Transparency at York–Or The Lack Thereof

Photo Credit | York College

By Asar John

The return to campus has been refreshing as I am appreciative of the reduced amount of Zoom time and increased amount of in-person social activity and services. This Fall semester has been convenient in many ways as York students waited painstakingly to hear about the announcement of when we would return to a partially in-person college setting. However, this return at York has seen many drawbacks and shortcomings from the college itself relating to the simple act of transparency, or the lack thereof.

The semester started off with the extensive lines of students trying to get access to the building with Evrbridge or Excelsior App and either did not have the proper material displayed or had issues getting the apps started, causing delays trying to enter the building. It was rare that if you were prepared, a Public Safety officer would tell you to circumvent the line and let you in with a simple flash of your York ID and proof of vaccination.
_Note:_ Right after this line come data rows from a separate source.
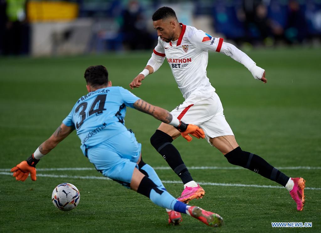 Levante's goalkeeper Dani Cardenas (L) defends Youssef En-Nesyri of Sevilla during a Spanish League football match between Levante UD and Sevilla CF in Valencia, Spain, on April 21, 2021. (Photo by Pablo Morano/Xinhua)
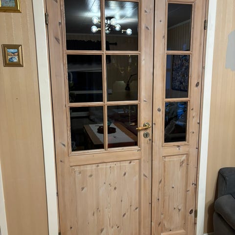Pent brukt furudør. Liten slitasje.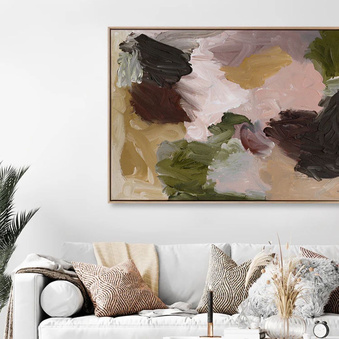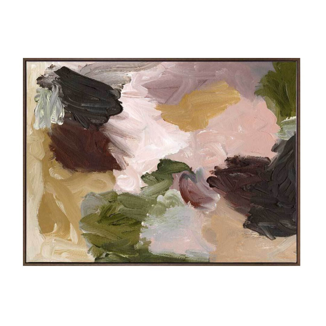 Cobblestone Canvas Art Print - Warm and grounded, this textural abstract artwork features overlapping swatches and scribbles of paint. The colour palette is earthy, focusing on neutral clay tones balanced by deep, dark green, mustard and burgundy.
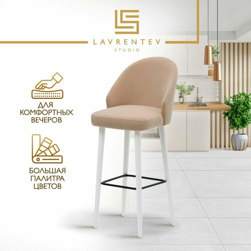 Барный стул 75 см Fusion Standart F03+, на белых дубовых ножках, велюр цвет бежевый, Лаврентьев Студио: сравнение цен, характеристики, фото, актуальное наличие и цены.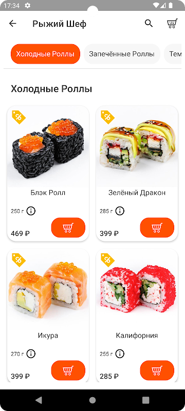 В мобильном приложении Рыжий шеф, доставка суши и роллов, доставка пицц.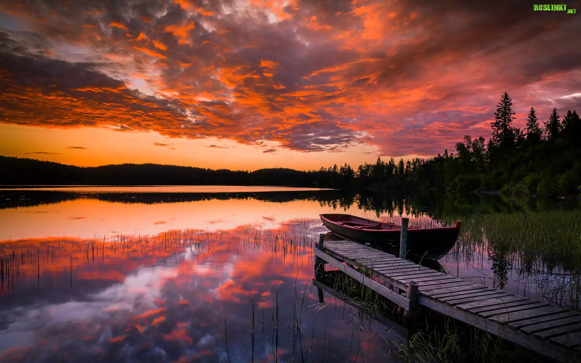 Norwegia, Region Sor Trondelag, Miasto Trondheim, Jezioro, Zachód słońca, Jezioro, Pomost, Łódka, Las, Drzewa, Chmury, Odbicie |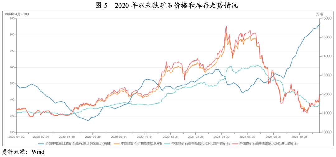 2021年以來,鐵礦石和焦炭價格波動明顯,且整體處于較高水平,不利于鋼鐵企業(yè)成本控制;下游鋼材表觀消費量先增后降,建筑業(yè)和制造業(yè)用鋼需求有所分化。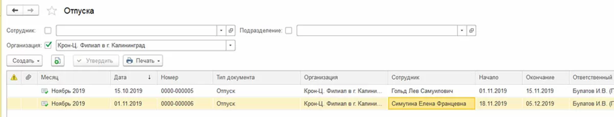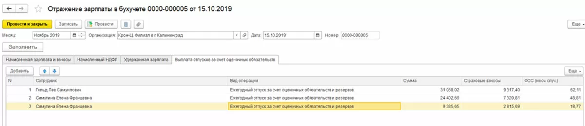Закрытие резерва отпусков происходит при начислении оплаты отпусков. Например, в ноябре 2019 года сотрудники Гольд и Симутина ушли в отпуск. У Симутиной – переходящий отпуск на декабрь месяц.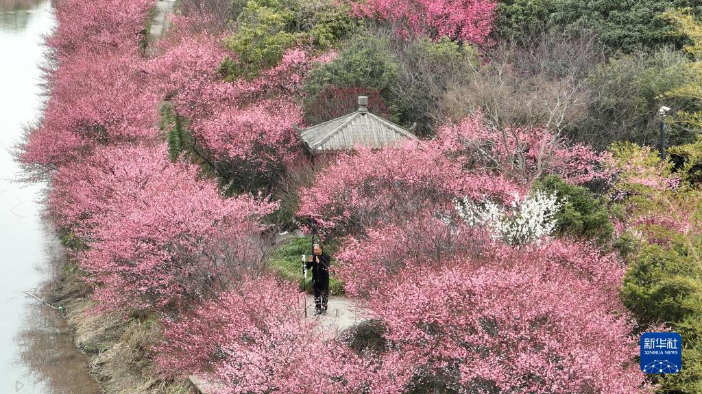 2月22日拍攝的江蘇省太倉市雙鳳鎮勤力村梅花莊園(無人機照片)。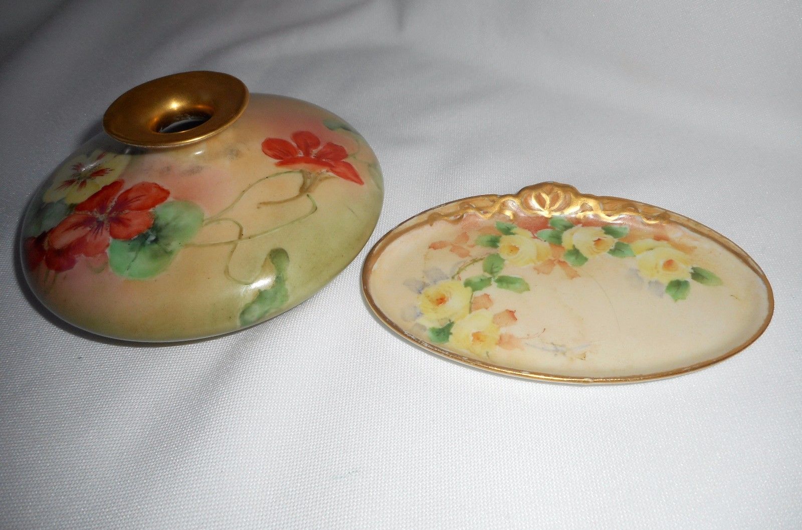 antique LIMOGES SQUAT VASE & RING TRAY hand-painted c 1910 Signed 2 pcs SIGNED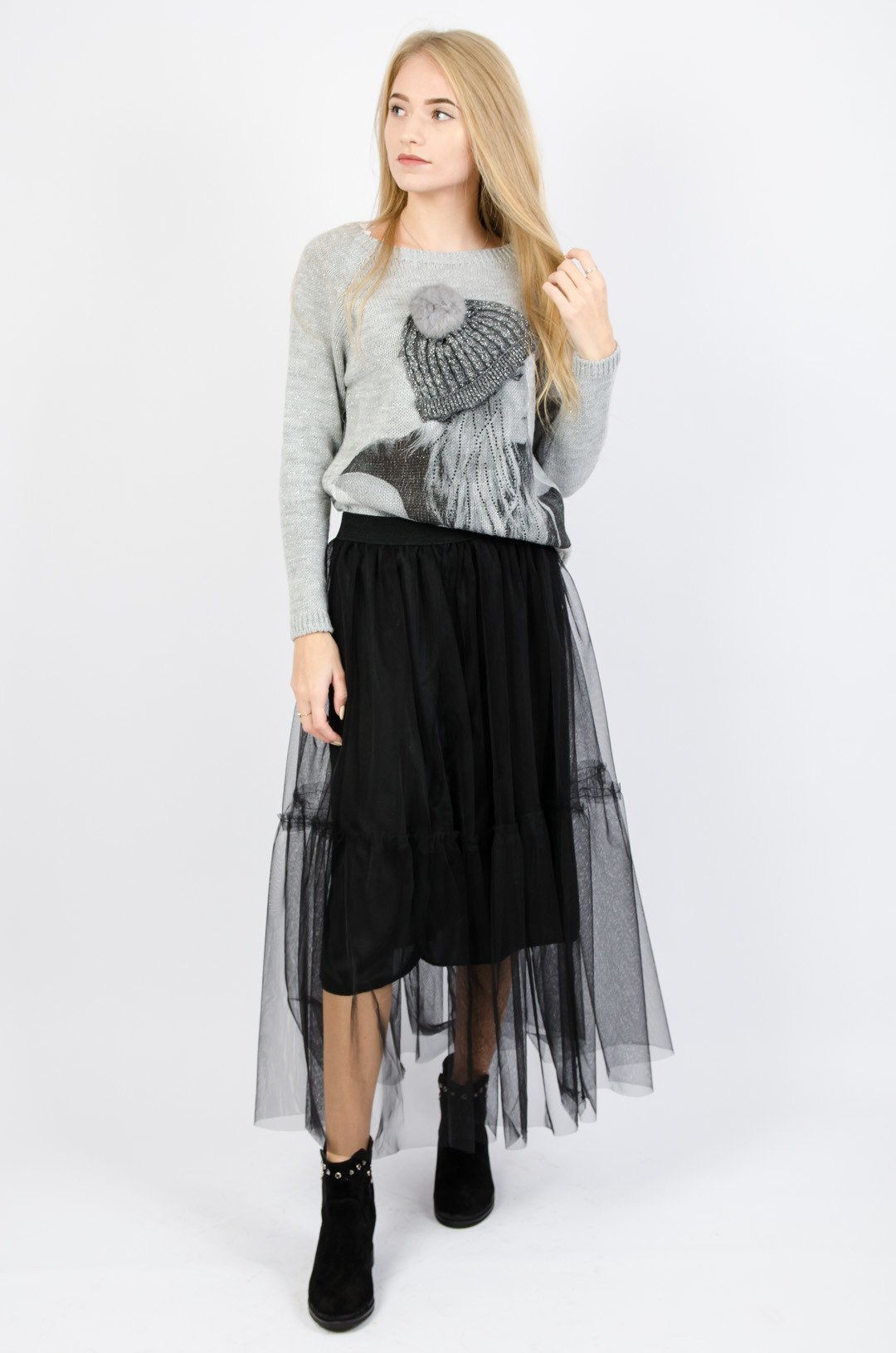 Czarna tiulowa spódnica maxi z halką

Sometimes entering campus grounds was a problem in itself, totally aside from providing vaccination status. For half of the semester, the college’s back entrance on 160 St. would close at random points throughout
the day, sometimes as early as 12:30 PM while several classes and events were happening on campus. Public Safety nor York itself bothered to put out an announcement informing staff and students that the entrance would be inaccessible for the remainder of the day. That entrance is the closest one to the subway, Long Island Railroad, and several bus lines along Archer Ave at the Academic Core Building. So get an idea of how many from the York
community use that entrance, and how inconvenient and time-consuming it is to travel halfway around the building to use the side at Liberty Ave.

When I asked an officer whether a sign would be placed by the entrance detailing operating hours, I was told, “You just have to go around”– like I had not already done that right before I asked him the question. This prompted the survey created by Pandora’s Box for the campus community to answer questions about their problems with the sporadically closed gate. When I went to ask Interim Chief Carlos Suarez to answer questions about
the entrance and get answers based off of the survey responses, I was told that he could not speak to any media at the moment due to “the whole situation going on with COVID” as it seems, a very vague reason.

Transparency only came once this story was published, as a sign was placed above the doors to this particular entrance to the building the day after. On Nov. 10, the college issued a statement about the full-time reopening of the gate, noting that it would close due to staffing issues. It was student frustrations expressed in small circles, discussions on the Cardinal App, a survey, requesting interviews from Public Safety and the president (both of which were denied), just to get a basic answer as to why a vital pathway to our institution would close without notice.

Although the entrance reopened full-time, another gate on Archer Ave and Parsons Boulevard that leads to the college and high school building still closes early. Many students including myself have made the assumption that if 160th was open, the gate on Archer would be as well since one leads to another. But as it turns out, many of us stand corrected when the couple-hundred-foot trek is made to the gate, just to realize it is shuttered for the night. The other alternative is to cross under the other part of the train trestle on 160th St and make your way further down Archer Ave. for the train or bus.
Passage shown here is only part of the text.